Here is the really old move count of mine that Ron was talking about. I have no clue where I am at now. Hope it helps. BTW, what did you mean by my move count being negative Jason?

Centers: 69, 72, 65, 74, 66=69.2
Edges: 91, 81, 79, 83, 79=82.6


----------



## UMichSpeedCubist (Jun 15, 2008)

I specialize in reducing turn-count for 5x5 (as opposed to reducing my times apparently) and did two attempts just now. I got parity on both, but since I can't do the alg slow enough to keep count I will list the result before executing parity, but setup for the parity alg.

I got 54/63 on my first one, and 60/65 on the second. But I was extra careful during edges.


----------



## Mike Hughey (Jun 15, 2008)

Kal El said:


> BTW, what did you mean by my move count being negative Jason?



Don't tell me you haven't seen this?
http://cube.garron.us/misc/frank_morris.htm

Obviously it's another fact that just belongs in there.


----------



## FrankMorris (Jun 15, 2008)

Wow, I had not seen that. I have been out of the loop lately. Perhaps I should pay better attention.

This came at a perfect time. I really need something to smile at in life. Thanks guys.


----------



## RobinBloehm (Jun 15, 2008)

What is your way to count your moves, do you count while solving or do you capture a video an count then?


----------



## unsolved (Mar 14, 2016)

Lucas Garron said:


> First try on 5x5x5:
> 
> 62 centers, 48.31
> 74 edges, 1:02.69
> ...



That is some impressive center move counts.

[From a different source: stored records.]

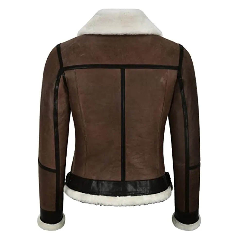 Womens Military Bomber B3 Fur Brown Real Leather Jacket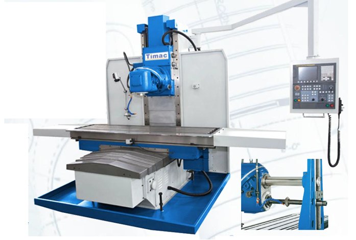 Бесконсольные универсальные фрезерные станки типа BMK716 используют для обработки крупногабаритных деталей торцовыми, а также цилиндрическими, концевыми, дисковыми и фасонными фрезами. Обработку деталей можно производить при движущемся столе и неподвижной фрезерной головке, при неподвижном столе и подачи головки или при одновременно движущимся столе и фрезерной головки. Фрезерная головка вращается в двух плоскостях не зависимо друг от друга на угол 360º, что позволяет вести фрезерование под углом, как в горизонтальном, так и в вертикальном положении фрезерной головы. Перемещение по оси Z шпиндельной бабки осуществляется при помощи противовеса. Бесступенчатая продольная и поперечная подачи. Станина выполнена из серого чугуна по технологии цельного литья. Возможность ручного зажима осей, не участвующих в перемещении позволяет повысить жесткость и снизить вибрации от режущего инструмента. Сервомотор осуществляет подачу осей с возможностью плавного изменения скорости подачи. Специальное приспособление для поддержания режущего инструмента при работе с горизонтальным шпинделем устанавливается на неподвижном основании станины и придает дополнительную жесткость. Подвесной пульт управления позволяет управлять станком перемещая его в нужное место. Станция импульсной смазки осуществляет настраиваемую по времени и периодичности смазку направляющих. Имеет сигнализацию о понижении уровня масла в баке.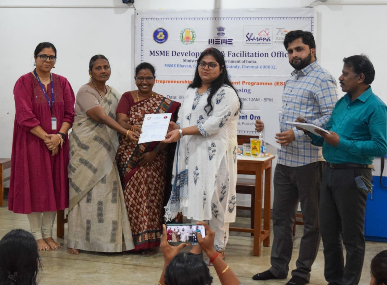The closing ceremony brought together everyone who made this journey possible. We were honoured to welcome Dr. Altaf Ahmed, Assistant Director, MSME–DFO, Chennai, and Preetika Sharma, Assistant Director, MSME Testing Station, Puducherry. They were joined by Vandana Shah, Operations Director of Sharana, Mr. Siddheshwaran, MSME Consultant & Career Development Coach, A. Prakash, Program Manager, the course instructors, and Sharana’s dedicated team of women social workers.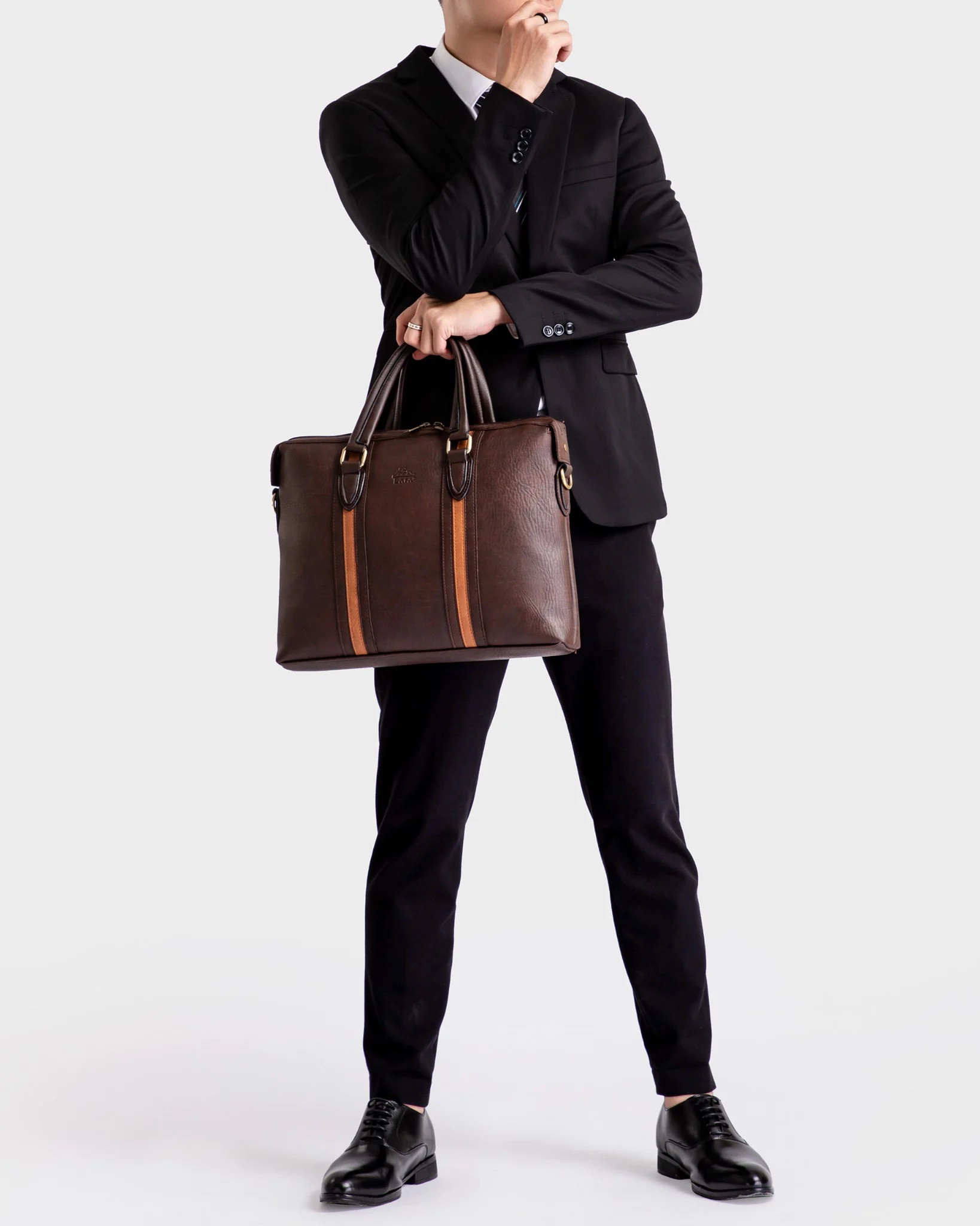 Cặp da công sở CA14N màu nâu có đường chỉ may tỉ mỉ tới từng chi tiết

My 5x5x5 program is experimenting with tredge-first (in an attempt to avoid parity at the end) vs. center-first in terms of which has the lower overall move count. So far, it seems centers-first wins, but in a few cases the tredge-first solutions have prevailed.

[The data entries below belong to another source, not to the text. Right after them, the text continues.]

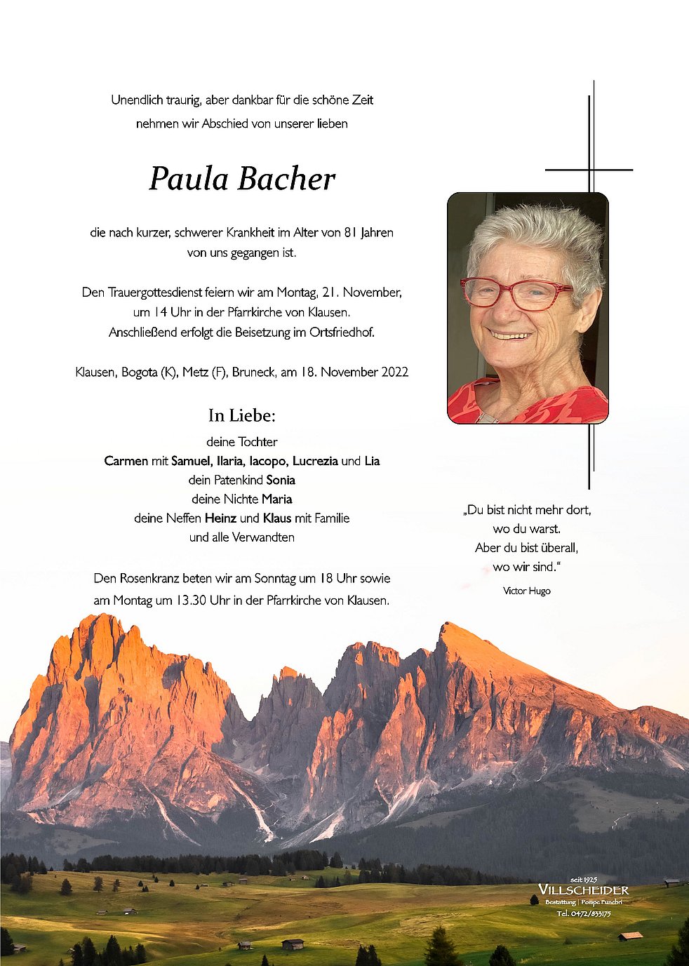 Begräbnisgottesdienst: 21.11. - 14:00 Uhr Klausen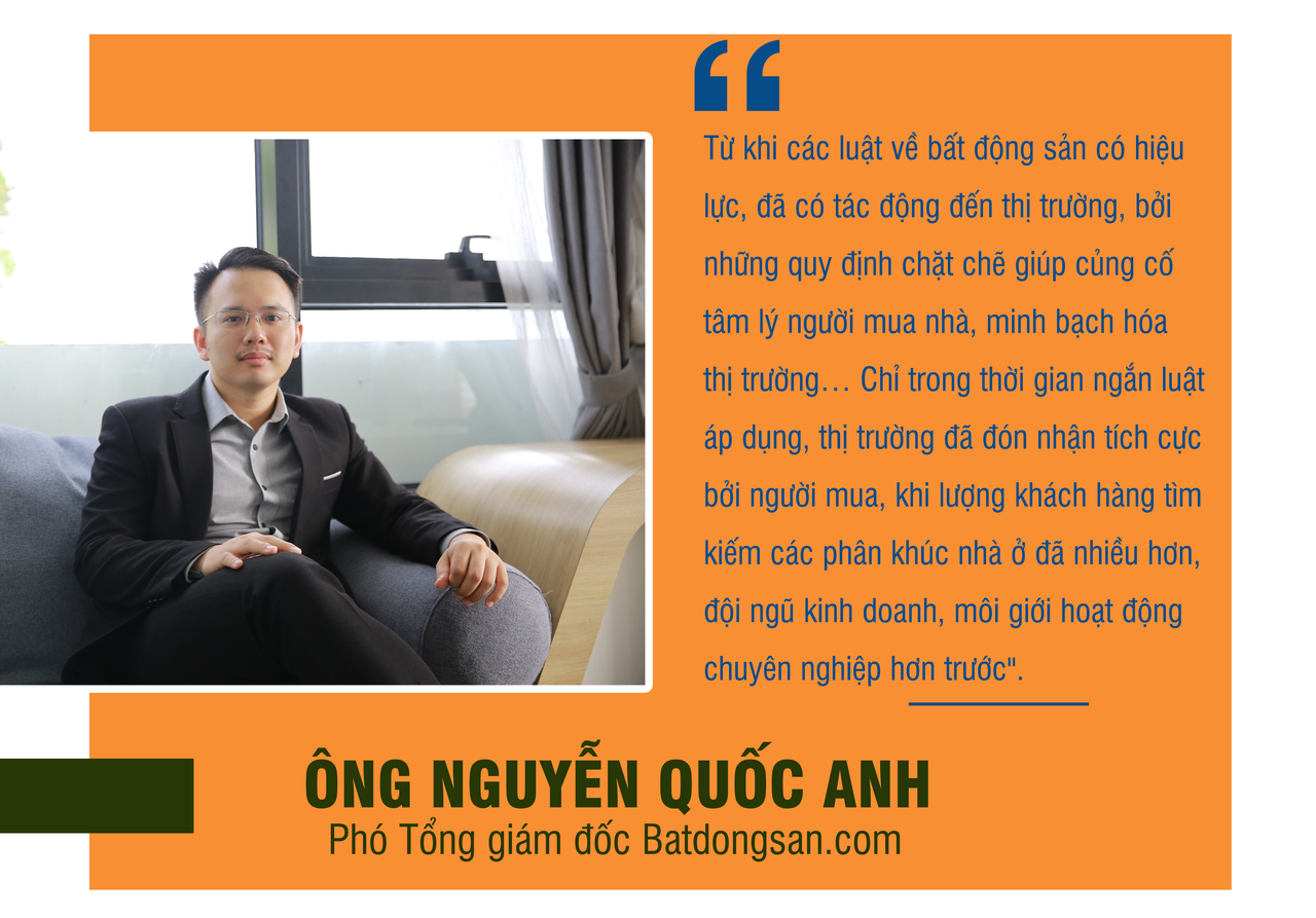 Ông Nguyễn Quốc Anh, Phó Tổng giám đốc Batdongsan.com đánh giá: "Trước khi Luật Đất đai, Luật Kinh doanh bất động sản, Luật Nhà ở chưa có hiệu lực chính thức, nhà đầu tư, khách hàng vẫn mang tâm lý chờ đợi.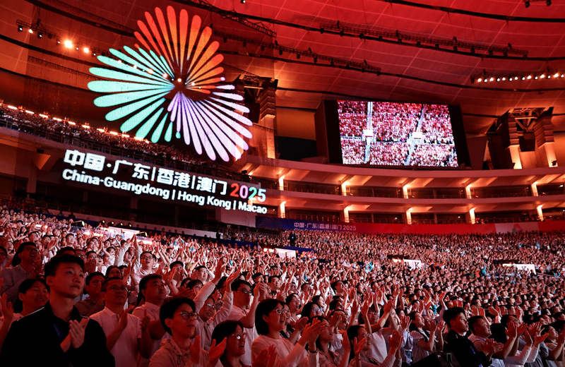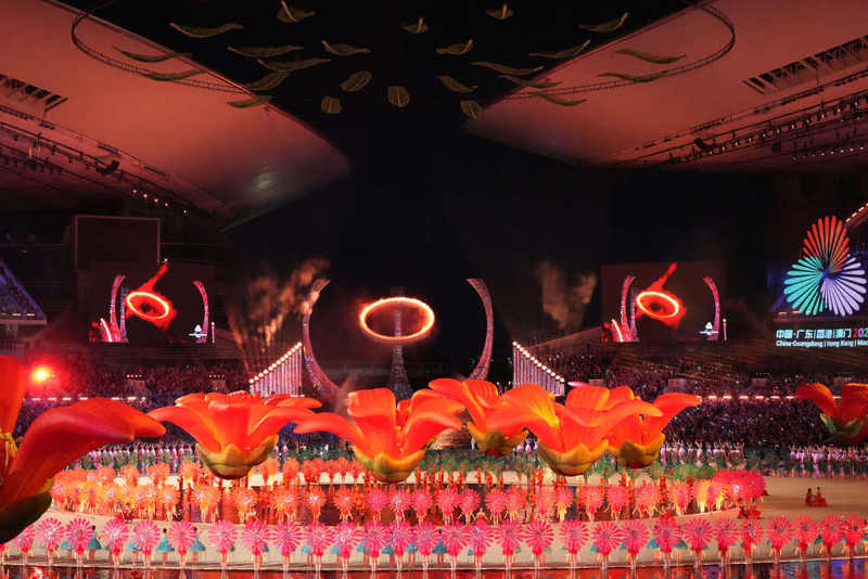 廣東省體育代表團、香港特別行政區(qū)體育代表團和澳門特別行政區(qū)體育代表團在入場儀式上共同入場。新華社記者 江漢 攝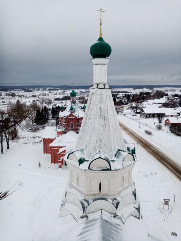 Никитский храм в с. Елизарово на территории вотчины бояр Басмановых. Вид на старый шатровый храм XVI века с колокольни (звонницы), 1.01.2022 г. Все фото, использованные в книге, принадлежат автору.

I also experimented with fixed-depth searches. Even by only looking ahead 7 moves on scrambles 60+ moves in length, the program can find a way to restore 30+ centers on the 5x5x5. As I gather more data, at some point, I'd like to have a friendly "humans vs. computer" for shortest center solves of some scrambles. Once I see what it is some of you do, I may be able to write some better code. Now, the program is just fast and dumb, with nothing to guide its center searches.


----------



## willtri4 (Mar 15, 2016)

whoa almost 8 year bump. That's gotta be a record, or close to it


----------



## unsolved (Apr 26, 2016)

willtri4 said:


> whoa almost 8 year bump. That's gotta be a record, or close to it



Well the forum rules clearly state to search for existing content before spawning new threads. I've been reprimanded more than once regarding "creating something new" when a pre-existing thread was available.

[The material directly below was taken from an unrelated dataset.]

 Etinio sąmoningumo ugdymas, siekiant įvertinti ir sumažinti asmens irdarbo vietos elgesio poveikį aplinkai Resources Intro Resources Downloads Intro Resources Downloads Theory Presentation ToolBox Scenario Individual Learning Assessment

There are no other options: Either I must resurrect the dead or duplicate what already exists.

The important thing is, the new post has relevance, and it was not done just for the sake of keeping a closed topic open. Back in 2008, the technology did not exist to solve the 5x5x5 (using a program) in a reasonable amount of time. Today, there are two programs that I know of: Mine and the one in development by the forum member named *IAssemble*.

Here is a recent cage-solving method used by my program. Looks like 69 moves for centers, 88 for edges, 10 for corners, 167 total.

L' B' U L2 U F' U' F2 U' R2 // corners solved in 10
R F U' 2L D L' D' 2L' B F' L R' // 11 edges
L D' 2R2 D L' R D' 2R2 D R' // 15 edges
3R U' 3R' D 3F' D2 3F 3R U 3R' D // 19 edges
2U' B' D' 3R D2 3R' B 2U B' D' B // 23 edges
F' 2L' F R2 F2 R F 2L F' R' F2 R2 // 27 edges
2D2 2U' F' U' F 2D2 2U2 F' U F 2U' // 30 edges
2B U' 2B' F2 L' 2B L F2 U L' 2B' L // 33 edges
F R' F 2R2 F' R F 2R2 F2 // cage completed in 98 moves total
2R 2F' 2B' 2R' 3R' 2L' 2F2 2B 3R 2L 2F' 
L' 3U 2R 3U' L R 3F' 2R' 3F R' 
2R' F' 2B' 2R 2F' 2B2 2R' F 2B' 2R 2F
2U2 2R D' 2R' 2U2 2D' 2R D 2R' 2D 
2R2 3F' L' 3U2 2B' 3U2 2B L 3F 2R2 
R 2U' R 3U R' 2U R 3U' R2
2L2 U' 2R2 U 2L2 U' 2R2 U // 167 moves total, so centers required 69 moves


----------